▶ _DATA FOR ANALYSIS_:
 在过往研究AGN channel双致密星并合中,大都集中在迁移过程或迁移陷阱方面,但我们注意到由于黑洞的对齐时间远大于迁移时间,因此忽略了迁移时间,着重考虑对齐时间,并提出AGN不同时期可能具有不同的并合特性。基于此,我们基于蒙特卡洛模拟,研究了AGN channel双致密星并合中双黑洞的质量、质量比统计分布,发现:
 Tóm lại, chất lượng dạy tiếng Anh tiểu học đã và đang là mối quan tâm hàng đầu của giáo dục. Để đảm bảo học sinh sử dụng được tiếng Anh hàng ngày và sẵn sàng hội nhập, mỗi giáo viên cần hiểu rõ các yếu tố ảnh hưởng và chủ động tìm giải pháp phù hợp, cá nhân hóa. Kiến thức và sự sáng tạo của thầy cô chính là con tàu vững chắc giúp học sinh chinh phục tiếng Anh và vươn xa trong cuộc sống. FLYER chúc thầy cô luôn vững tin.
==
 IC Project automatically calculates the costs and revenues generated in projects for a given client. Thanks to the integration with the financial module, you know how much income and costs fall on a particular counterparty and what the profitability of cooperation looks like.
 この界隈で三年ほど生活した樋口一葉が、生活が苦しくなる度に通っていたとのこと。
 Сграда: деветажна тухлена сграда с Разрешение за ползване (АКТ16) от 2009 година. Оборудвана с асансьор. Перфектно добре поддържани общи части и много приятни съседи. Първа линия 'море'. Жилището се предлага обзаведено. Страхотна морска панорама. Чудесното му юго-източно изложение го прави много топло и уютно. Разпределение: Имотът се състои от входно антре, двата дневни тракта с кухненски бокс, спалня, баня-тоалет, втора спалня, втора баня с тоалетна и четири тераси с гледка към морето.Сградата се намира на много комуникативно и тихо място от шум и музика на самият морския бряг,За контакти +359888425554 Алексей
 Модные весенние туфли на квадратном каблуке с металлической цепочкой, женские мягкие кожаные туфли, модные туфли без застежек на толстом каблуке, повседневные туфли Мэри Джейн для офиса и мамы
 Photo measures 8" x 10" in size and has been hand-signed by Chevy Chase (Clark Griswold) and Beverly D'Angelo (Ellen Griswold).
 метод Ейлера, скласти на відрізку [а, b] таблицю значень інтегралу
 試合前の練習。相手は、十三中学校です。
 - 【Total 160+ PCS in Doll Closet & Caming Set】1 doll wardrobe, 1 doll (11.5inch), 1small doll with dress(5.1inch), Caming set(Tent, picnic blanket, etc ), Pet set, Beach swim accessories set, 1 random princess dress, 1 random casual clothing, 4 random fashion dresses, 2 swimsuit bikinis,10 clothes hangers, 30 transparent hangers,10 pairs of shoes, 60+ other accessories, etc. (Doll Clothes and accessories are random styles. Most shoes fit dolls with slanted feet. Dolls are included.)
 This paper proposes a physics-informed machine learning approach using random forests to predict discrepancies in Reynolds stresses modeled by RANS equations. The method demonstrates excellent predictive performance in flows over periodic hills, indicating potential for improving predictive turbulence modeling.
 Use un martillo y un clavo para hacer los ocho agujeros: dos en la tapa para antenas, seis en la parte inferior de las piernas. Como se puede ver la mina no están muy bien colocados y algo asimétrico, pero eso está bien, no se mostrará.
--
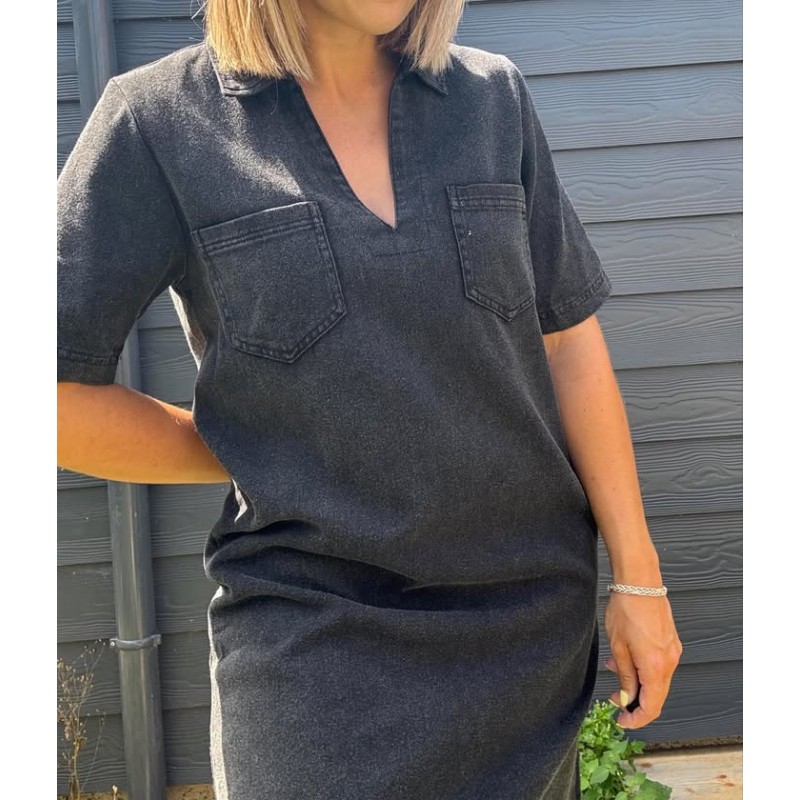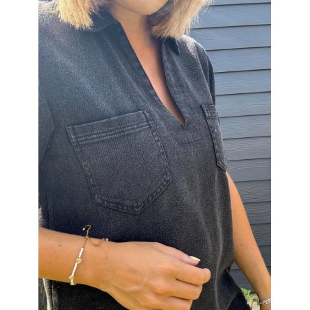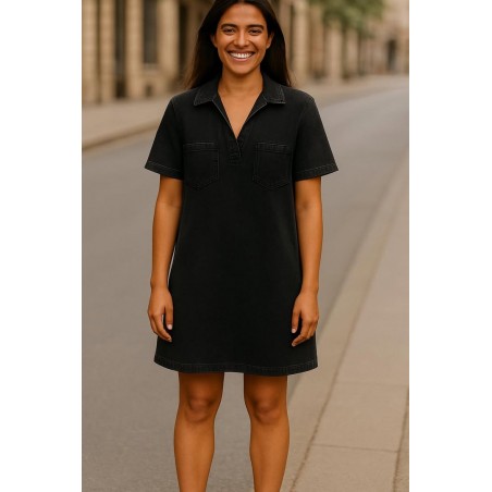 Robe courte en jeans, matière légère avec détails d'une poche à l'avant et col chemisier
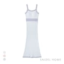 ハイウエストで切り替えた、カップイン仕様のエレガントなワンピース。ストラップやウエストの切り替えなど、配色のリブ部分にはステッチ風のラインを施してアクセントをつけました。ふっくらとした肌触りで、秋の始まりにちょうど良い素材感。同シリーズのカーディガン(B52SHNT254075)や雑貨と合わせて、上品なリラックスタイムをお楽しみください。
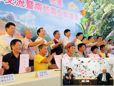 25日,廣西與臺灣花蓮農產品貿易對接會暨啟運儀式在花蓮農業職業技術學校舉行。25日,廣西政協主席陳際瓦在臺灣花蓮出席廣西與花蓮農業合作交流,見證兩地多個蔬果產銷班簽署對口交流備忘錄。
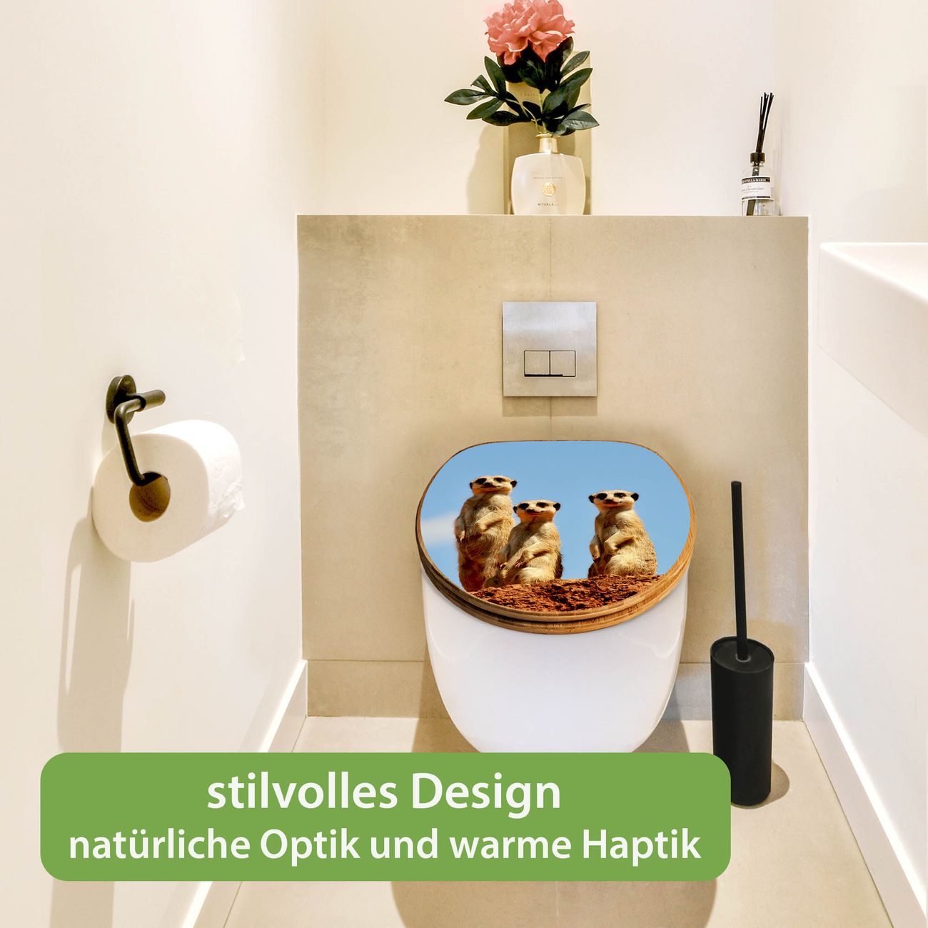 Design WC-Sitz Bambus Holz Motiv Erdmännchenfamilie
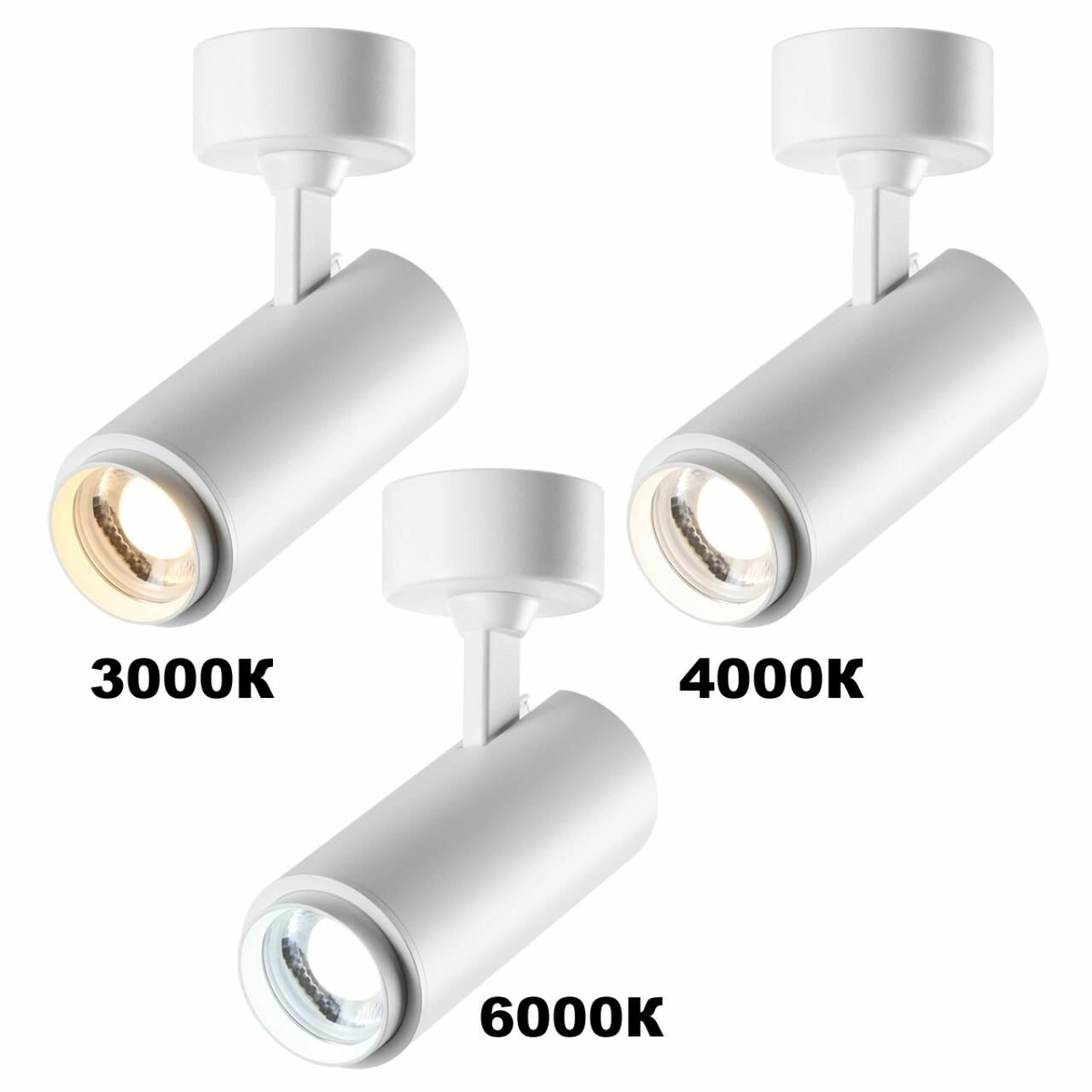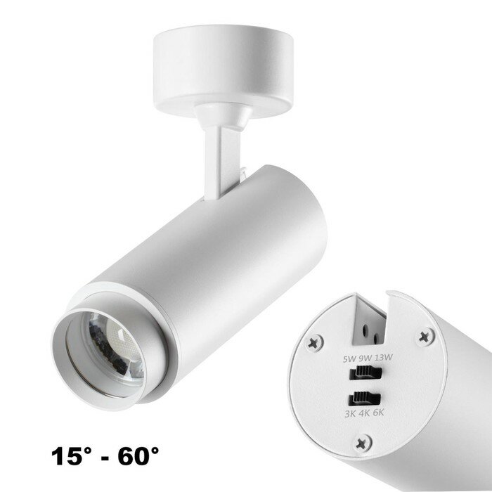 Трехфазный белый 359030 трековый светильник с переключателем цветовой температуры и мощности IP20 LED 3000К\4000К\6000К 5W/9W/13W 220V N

▶ _TASK DIRECTIONS_: Wherever a line in the records contains the word "random", copy that line.

▶ _RESULT OF THIS EXERCISE_:
 - 【Total 160+ PCS in Doll Closet & Caming Set】1 doll wardrobe, 1 doll (11.5inch), 1small doll with dress(5.1inch), Caming set(Tent, picnic blanket, etc ), Pet set, Beach swim accessories set, 1 random princess dress, 1 random casual clothing, 4 random fashion dresses, 2 swimsuit bikinis,10 clothes hangers, 30 transparent hangers,10 pairs of shoes, 60+ other accessories, etc. (Doll Clothes and accessories are random styles. Most shoes fit dolls with slanted feet. Dolls are included.)
 This paper proposes a physics-informed machine learning approach using random forests to predict discrepancies in Reynolds stresses modeled by RANS equations. The method demonstrates excellent predictive performance in flows over periodic hills, indicating potential for improving predictive turbulence modeling.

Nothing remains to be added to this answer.